Libraries are places where history comes alive. NAL has collections dating back to the 15th century. He invited CENDI members to return at some point to tour the special collections.
Libraries are also home for imagination. They are the delivery rooms for the birth of new ideas. What we discuss and present today will help to stimulate change in the CENDI organizations tomorrow.
Data, Data and - Metrics Data
“Big Data” is a term applied to a data set whose size or complexity is beyond the ability of commonly used software tools to capture, manage, and process the data within a tolerable elapsed time. This definition, which they struggled with for quite some time, incorporates three important concepts that equate to the major issues -- size, complexity, and time. Eighty percent of the data is unstructured. Time can be defined as time to process, time to analyze, time to visualize, and time to support the development of meaning by researchers and, ultimately, the public. The hardware can handle massive amounts of data but the software and visualization techniques can’t keep up with it. We have an “analysis” or “filtering” problem, rather than a data problem. This is also a big opportunity to have technology make a giant step forward based on inexpensive storage, sensors, etc. We have all this information, but we need to harness it.
The Big Data Group was asked by the Office of Science and Technology Policy (OSTP) to focus on where we want to go. What are the agencies doing? In what areas can they coordinate and where are the gaps? What does the federal government need to focus on to get us where we want to go with limited funding?
The goal is to promote new science by harnessing big data, to exploit big data to address national and agency needs, and to support the stewardship of federal data and develop the necessary workforce and infrastructure to advance data science. After the first report was delivered to OSTP, the Group was asked to focus on four main areas: Core Technologies, Domain Research Projects, Challenges/Competitions and Workforce Development.
A solicitation around Core Technologies was released on March 29, 2012, as the cornerstone for the White House Event on Big Data. The goal was to draw multiple agencies together to find tools that cut across multiple domains or to generate tools that could be generalized and used in varying environments. Nine NSF directorates and seven NIH institutes pledged funding. DOE was interested but wasn’t able to process the paperwork and commit in time for the release. Ms. Wigen is hopeful that DOE and NASA will sign up for future rounds. The solicitation included a section where any agency can ask for customized software for its specific need. This drew a lot of attention from agencies.

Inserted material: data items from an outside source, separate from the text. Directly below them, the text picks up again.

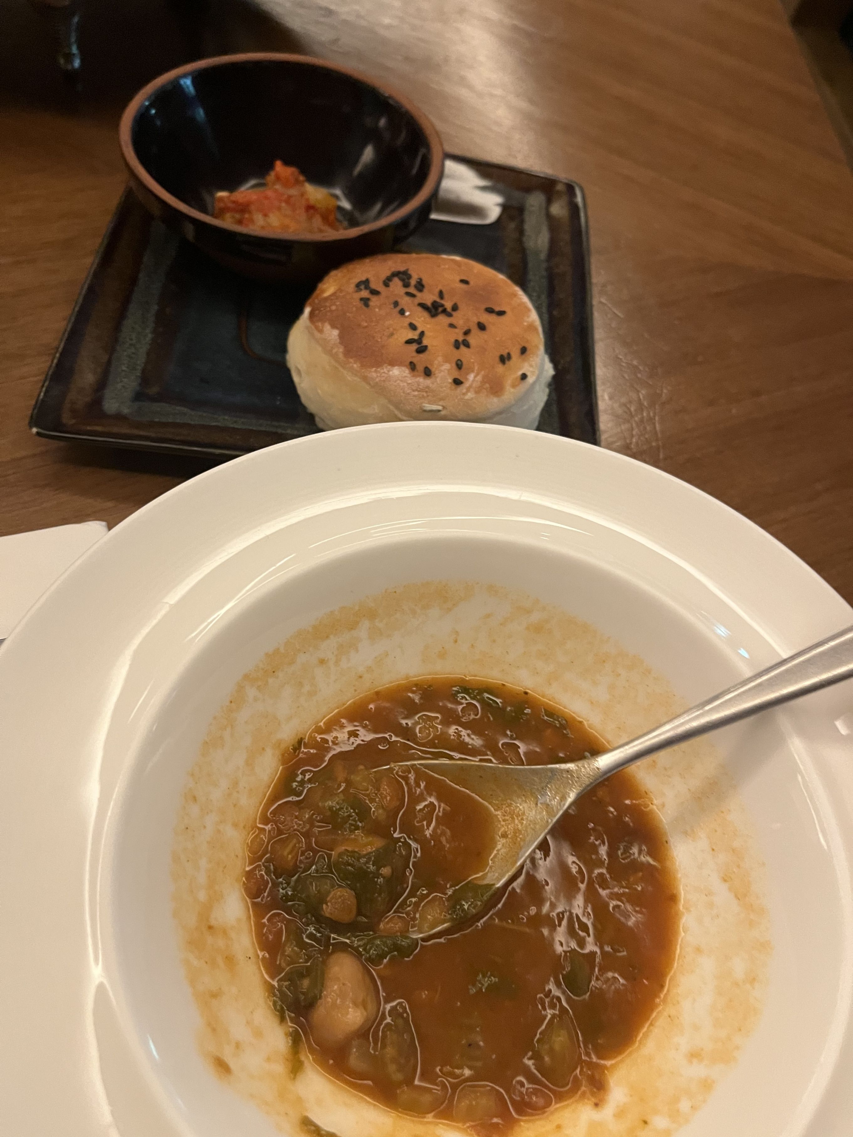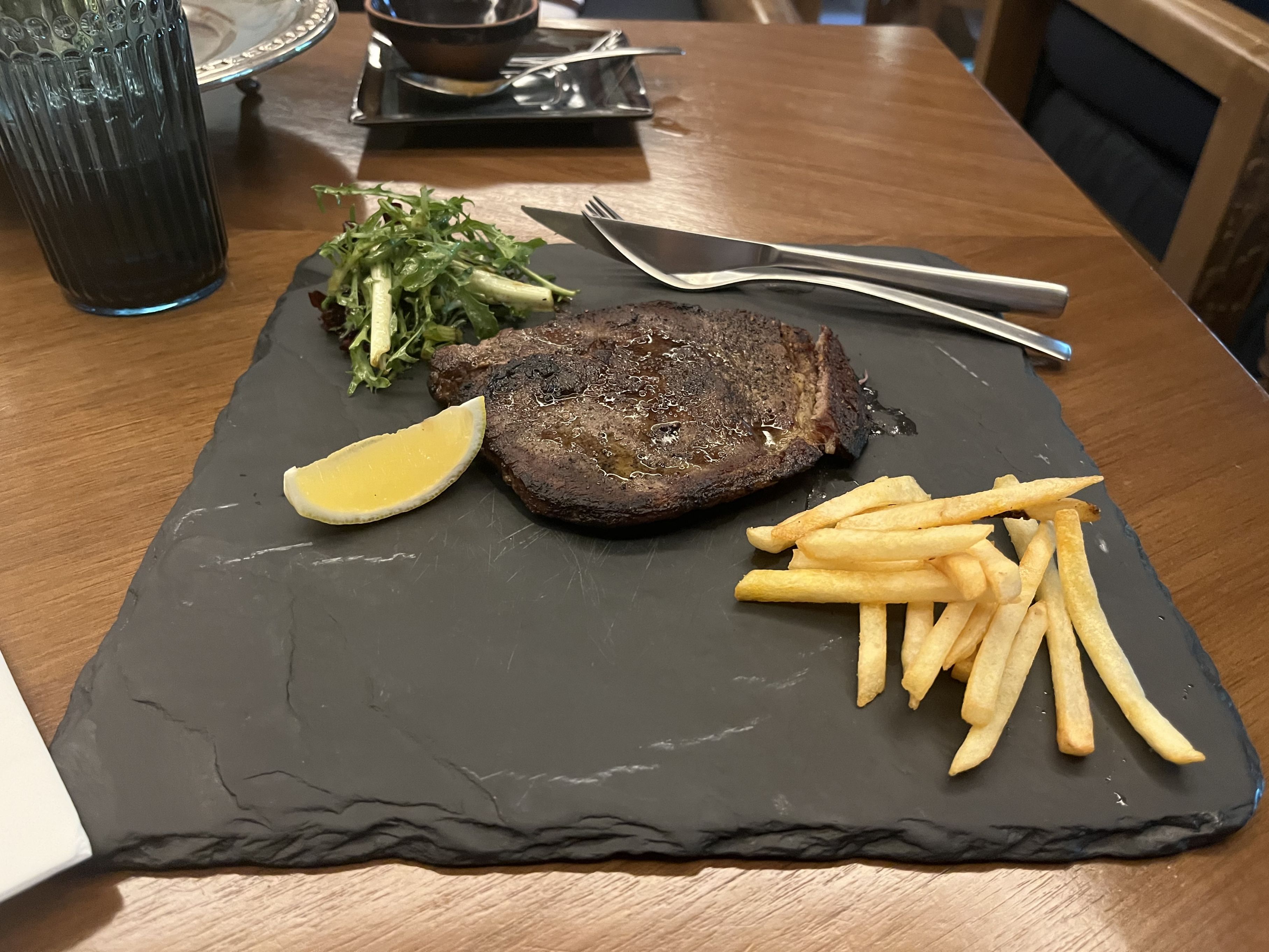 到了十一點左右,我一邊打着哈欠一邊沉吟“大夢誰先覺,平生我自知”,隨後找了三和裏附近的一輛單車,不緊不慢地騎到了揚州老哥們選定的位於外灘繁華地帶的摩洛哥餐廳。不得不說,這家店比較高檔,服務很周到,但價格也比較離譜,一份前湯,一份牛排(加薯條),一份甜點要兩百多,節假日還要按比例收服務費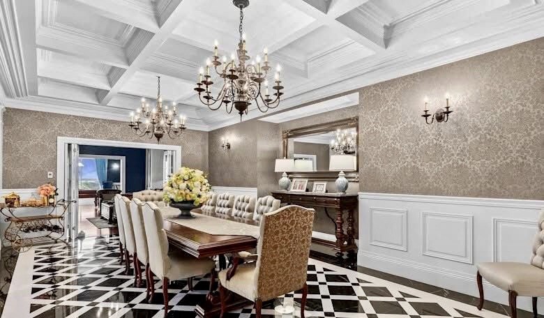تتميز غرفة الطعام بأسقف مزخرفة، ومطبخ أنيق من الرخام الأبيض، وورق جدران منقوش، وأرضيات لامعة، وسجاد فاخر، وثريات.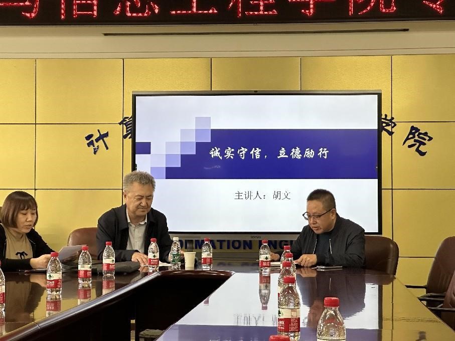 诚邀我院老院长胡文教授召开诚信主题大讲堂,倡导以诚信为荣,以失信为耻,争做诚实守信的文明学生。深入宣传征信意识、金融安全防范知识,提高学生自我保护意识,促进学生的健康成长,深化优秀中华传统文化特色人文精神内涵,营造计算机与信息工程学院明礼诚信的学院文化氛围,真正将诚信转化成了学生的情感认同和行为习惯。
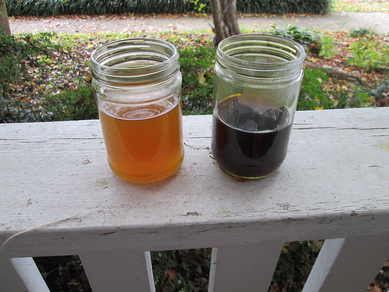 I made two dyepots for comparison. One was with the dried broomsedge that Dede Styles gave me in June. It was harvested about a year ago. The other was with broomsedge that I gathered two weeks ago from the farm. The colors of the two dyebaths were strikingly different, but the colors of the cloths coming out were not hugely different: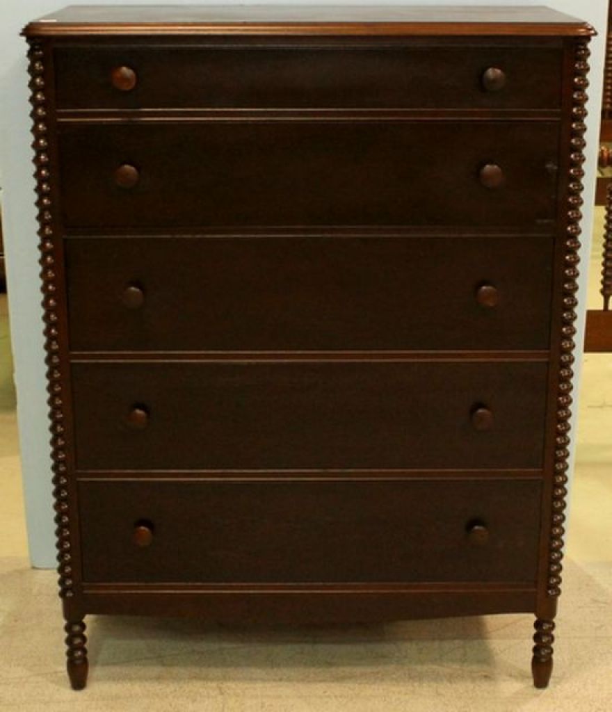 Mahogany, five drawer chest with Jenny Lind spool columns; matches lot #381 and #382; 37" w., 49" h., 19" d. Mahogany, five drawer chest with Jenny Lind spool columns; matches lot #381 and #382; 37" w., 49" h., 19" d.

The White House Event on Big Data included speakers from NSF, HHS/NIH, DoD, DARPA (Defense Advanced Research Projects Agency), DOE and USGS. The aim was to not only highlight the solicitation of the Big Data Initiative but to draw in other agencies which have initiatives of their own.
NITRD prepared a fact sheet that went out to various agencies asking about their current programs involved with Big Data. This was not an exhaustive list but they were able to identify 87 projects from 16 agencies. There is much going on crossing all domains. Ms. Wigen distributed some copies of the fact sheet. Principal Investigators from some of these projects have been invited to come and talk to the group about their projects.
Challenges and awards are tools that are being used inside and outside the government. The Big Data Group is working with the NASA Center of Excellence for Collaborative Innovation to establish a process by which the Center will help agencies set up and run these challenges. This will start with an Ideation Challenge to be released soon. The Steering Committee has approved the plan and the first challenge funding will be released soon. Currently, the Group is going back and making sure that the data sets are the most relevant before releasing the challenge.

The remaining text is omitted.